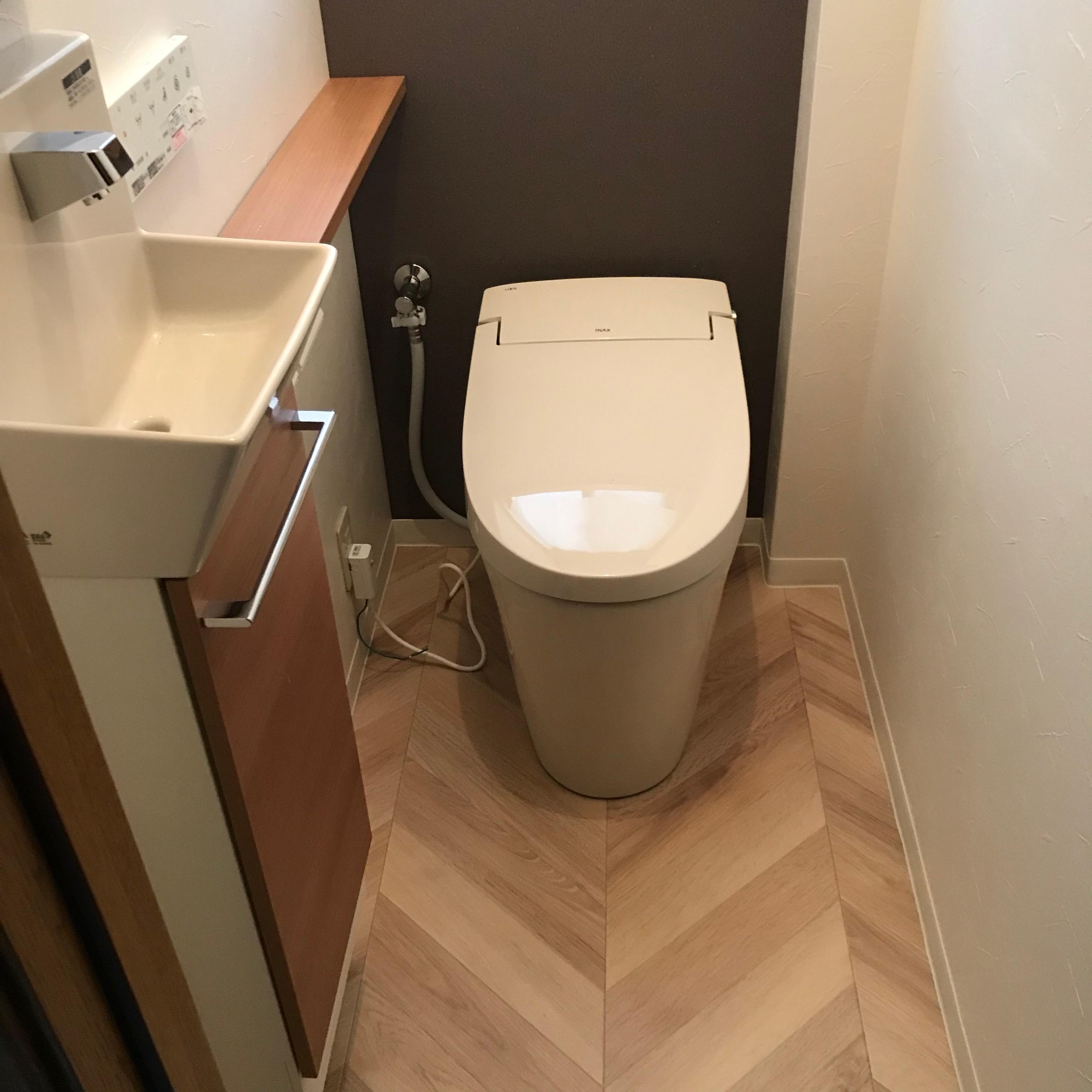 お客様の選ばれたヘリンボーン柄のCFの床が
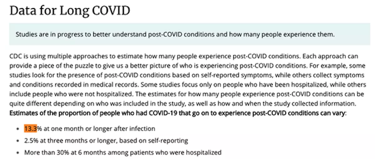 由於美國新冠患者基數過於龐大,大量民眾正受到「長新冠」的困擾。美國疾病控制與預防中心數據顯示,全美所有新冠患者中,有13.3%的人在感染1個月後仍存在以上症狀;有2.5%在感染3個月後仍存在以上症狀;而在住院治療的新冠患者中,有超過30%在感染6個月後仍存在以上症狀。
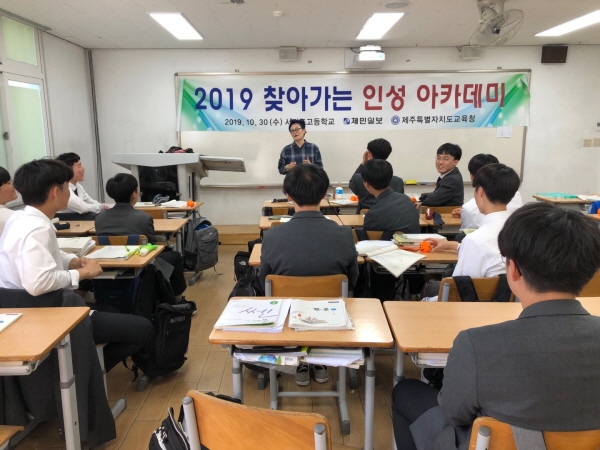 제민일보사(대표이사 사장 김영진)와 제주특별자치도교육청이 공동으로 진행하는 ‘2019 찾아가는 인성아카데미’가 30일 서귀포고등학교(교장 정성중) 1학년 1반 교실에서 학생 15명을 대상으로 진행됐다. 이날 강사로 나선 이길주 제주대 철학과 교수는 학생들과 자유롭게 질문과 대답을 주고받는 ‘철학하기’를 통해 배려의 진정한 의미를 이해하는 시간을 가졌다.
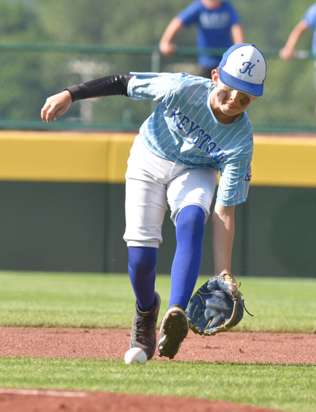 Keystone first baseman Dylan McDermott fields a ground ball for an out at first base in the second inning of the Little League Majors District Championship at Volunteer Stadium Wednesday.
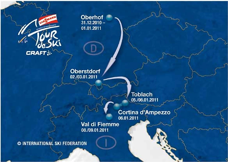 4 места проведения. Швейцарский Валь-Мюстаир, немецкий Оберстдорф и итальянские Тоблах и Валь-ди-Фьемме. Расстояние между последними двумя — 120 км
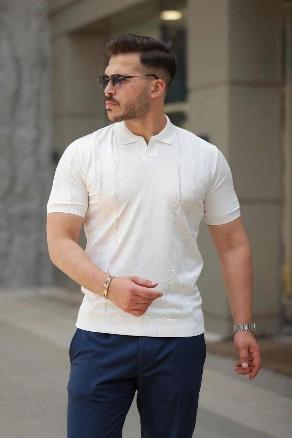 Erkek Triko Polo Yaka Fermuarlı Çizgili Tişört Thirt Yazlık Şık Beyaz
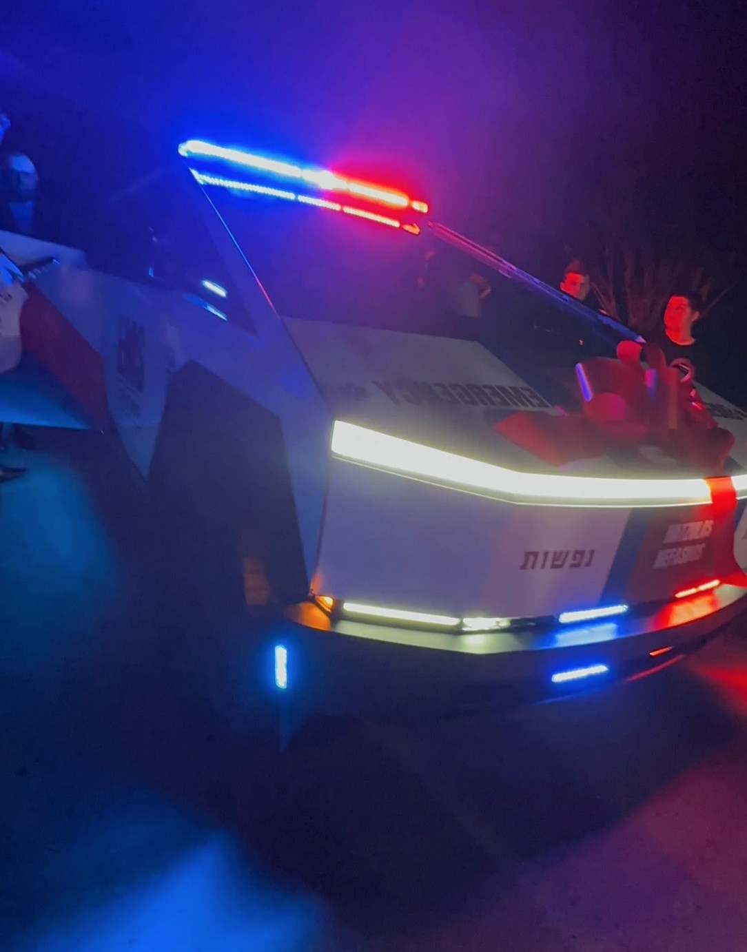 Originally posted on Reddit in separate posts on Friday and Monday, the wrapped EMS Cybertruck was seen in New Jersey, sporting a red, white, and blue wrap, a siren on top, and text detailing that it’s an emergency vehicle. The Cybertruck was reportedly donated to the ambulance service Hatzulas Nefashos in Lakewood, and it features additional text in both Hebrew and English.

■ **EXERCISE DETAILS**
Would you transcribe all of the data exactly, apart from its pictures?

■ **WRITTEN RESPONSE**
 お客様の選ばれたヘリンボーン柄のCFの床が
 由於美國新冠患者基數過於龐大,大量民眾正受到「長新冠」的困擾。美國疾病控制與預防中心數據顯示,全美所有新冠患者中,有13.3%的人在感染1個月後仍存在以上症狀;有2.5%在感染3個月後仍存在以上症狀;而在住院治療的新冠患者中,有超過30%在感染6個月後仍存在以上症狀。
 제민일보사(대표이사 사장 김영진)와 제주특별자치도교육청이 공동으로 진행하는 ‘2019 찾아가는 인성아카데미’가 30일 서귀포고등학교(교장 정성중) 1학년 1반 교실에서 학생 15명을 대상으로 진행됐다. 이날 강사로 나선 이길주 제주대 철학과 교수는 학생들과 자유롭게 질문과 대답을 주고받는 ‘철학하기’를 통해 배려의 진정한 의미를 이해하는 시간을 가졌다.
 Keystone first baseman Dylan McDermott fields a ground ball for an out at first base in the second inning of the Little League Majors District Championship at Volunteer Stadium Wednesday.
 4 места проведения. Швейцарский Валь-Мюстаир, немецкий Оберстдорф и итальянские Тоблах и Валь-ди-Фьемме. Расстояние между последними двумя — 120 км
 Erkek Triko Polo Yaka Fermuarlı Çizgili Tişört Thirt Yazlık Şık Beyaz
 Originally posted on Reddit in separate posts on Friday and Monday, the wrapped EMS Cybertruck was seen in New Jersey, sporting a red, white, and blue wrap, a siren on top, and text detailing that it’s an emergency vehicle. The Cybertruck was reportedly donated to the ambulance service Hatzulas Nefashos in Lakewood, and it features additional text in both Hebrew and English.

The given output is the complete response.